Exercise data:
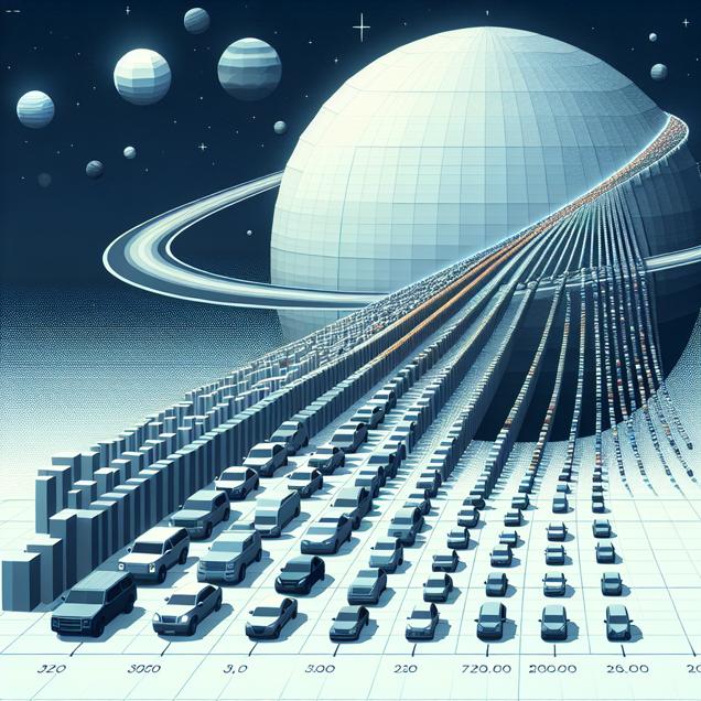 Prompt: Generate an image of a low poly scene, where a massive graph dominates the center, with Uranus and Mercury represented as planets on one axis, and rows of Nissan cars on the other. The length of the graph signifies the distance from Uranus to Mercury, while each row of cars represents different automotive recalls issued by Nissan North America. The cars are parked at varying intervals along the graph, symbolizing the timeline of the recalls in relation to the planetary distance. The overall aesthetic should remain simple yet visually engaging. The depiction should include only scenes, people, and objects, it should not include text or speech bubbles.
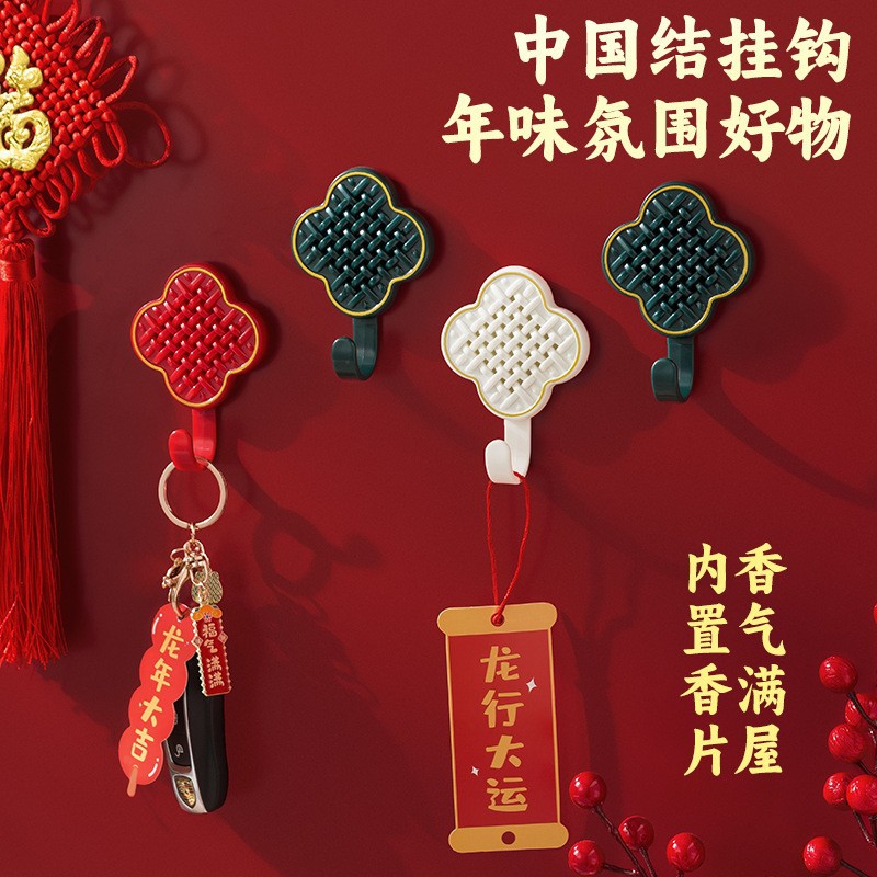新年红色喜庆挂钩免打孔壁挂强力承重无痕粘胶粘钩门后中国结钩子
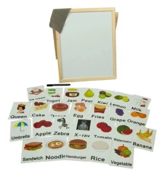 Drewniana magnetyczna rozkładana tablica, z kompletem 27 magnesów - obrazki produktów rozpoczynających się na kolejne litery alfabetu i ich nazwy (w języku angielskim). Zestaw zawiera marker
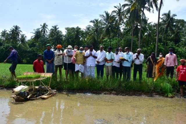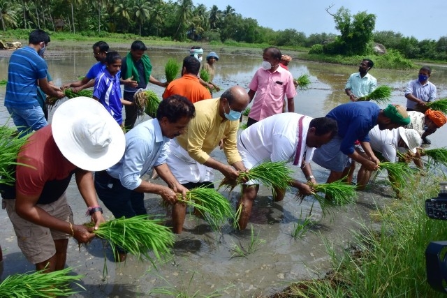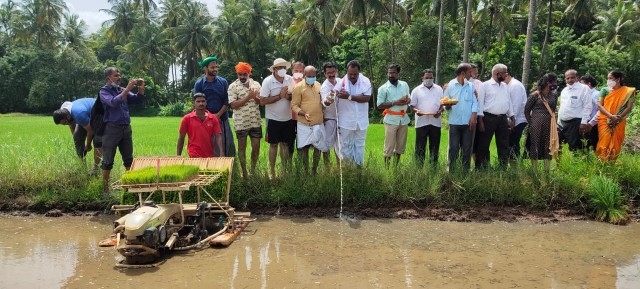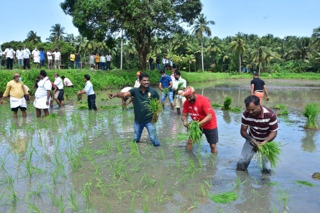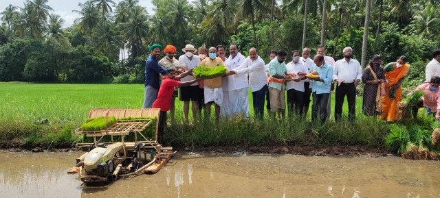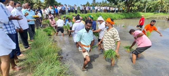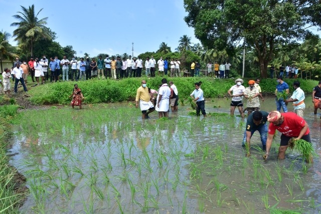 ಶ್ರೀ ಸಂತೋಷ್ ಶೆಟ್ಟಿ ಅಧ್ಯಕ್ಷರು ಬಂಟರ ಸಂಘ, ಪುಣೆ, ಶ್ರೀ ಪ್ರಕಾಶ್ ಚಂದ್ರ ಶೆಟ್ಟಿ ಅಧ್ಯಕ್ಷರು, ವ್ಯವಸ್ಥಾಪಕ ಟ್ರಸ್ಟಿ ಜಿ.ಎಂ ಎಜುಕೇಶನ್ ಟ್ರಸ್ಟ್, ಬ್ರಹ್ಮಾವರ, ಶ್ರೀ ರಾಜೇಶ್ ಶೆಟ್ಟಿ ಅಲೆವೂರು ಅಧ್ಯಕ್ಷರು ಉಡುಪಿ ಜಿಲ್ಲಾ ಕಾರ್ಯನಿರತ ಪತ್ರಕರ್ತರ ಸಂಘ, ಶ್ರೀ ಅಜಿತ್ ಆರಾಡಿ ಕೃಷಿಕರು ಮತ್ತು ವರದಿಗಾರರು ವಿಜಯ ಕರ್ನಾಟಕ ಉಡುಪಿ ಜಿಲ್ಲೆ ಇವರೊಂದಿಗೆ ಶಾಸಕ ಶ್ರೀ ಕೆ. ರಘುಪತಿ ಭಟ್ ಅವರು ಭೂ ಮಾತೆಗೆ ಹಾಲನ್ನು ಅರ್ಪಿಸಿ ನೇಜಿ ನೀಡುವ ಮೂಲಕ ಯಂತ್ರ ನಾಟಿ ಕಾರ್ಯಕ್ಕೆ ಚಾಲನೆ ನೀಡಿ ಸ್ಥಳೀಯರೊಂದಿಗೆ ಸೇರಿ ನೇಜಿ ನೆಟ್ಟರು.

Your assignment: Transcribe everything above exactly. Do not include the pictures.

Expected output:
 Prompt: Generate an image of a low poly scene, where a massive graph dominates the center, with Uranus and Mercury represented as planets on one axis, and rows of Nissan cars on the other. The length of the graph signifies the distance from Uranus to Mercury, while each row of cars represents different automotive recalls issued by Nissan North America. The cars are parked at varying intervals along the graph, symbolizing the timeline of the recalls in relation to the planetary distance. The overall aesthetic should remain simple yet visually engaging. The depiction should include only scenes, people, and objects, it should not include text or speech bubbles.
新年红色喜庆挂钩免打孔壁挂强力承重无痕粘胶粘钩门后中国结钩子
 Drewniana magnetyczna rozkładana tablica, z kompletem 27 magnesów - obrazki produktów rozpoczynających się na kolejne litery alfabetu i ich nazwy (w języku angielskim). Zestaw zawiera marker
 ಶ್ರೀ ಸಂತೋಷ್ ಶೆಟ್ಟಿ ಅಧ್ಯಕ್ಷರು ಬಂಟರ ಸಂಘ, ಪುಣೆ, ಶ್ರೀ ಪ್ರಕಾಶ್ ಚಂದ್ರ ಶೆಟ್ಟಿ ಅಧ್ಯಕ್ಷರು, ವ್ಯವಸ್ಥಾಪಕ ಟ್ರಸ್ಟಿ ಜಿ.ಎಂ ಎಜುಕೇಶನ್ ಟ್ರಸ್ಟ್, ಬ್ರಹ್ಮಾವರ, ಶ್ರೀ ರಾಜೇಶ್ ಶೆಟ್ಟಿ ಅಲೆವೂರು ಅಧ್ಯಕ್ಷರು ಉಡುಪಿ ಜಿಲ್ಲಾ ಕಾರ್ಯನಿರತ ಪತ್ರಕರ್ತರ ಸಂಘ, ಶ್ರೀ ಅಜಿತ್ ಆರಾಡಿ ಕೃಷಿಕರು ಮತ್ತು ವರದಿಗಾರರು ವಿಜಯ ಕರ್ನಾಟಕ ಉಡುಪಿ ಜಿಲ್ಲೆ ಇವರೊಂದಿಗೆ ಶಾಸಕ ಶ್ರೀ ಕೆ. ರಘುಪತಿ ಭಟ್ ಅವರು ಭೂ ಮಾತೆಗೆ ಹಾಲನ್ನು ಅರ್ಪಿಸಿ ನೇಜಿ ನೀಡುವ ಮೂಲಕ ಯಂತ್ರ ನಾಟಿ ಕಾರ್ಯಕ್ಕೆ ಚಾಲನೆ ನೀಡಿ ಸ್ಥಳೀಯರೊಂದಿಗೆ ಸೇರಿ ನೇಜಿ ನೆಟ್ಟರು.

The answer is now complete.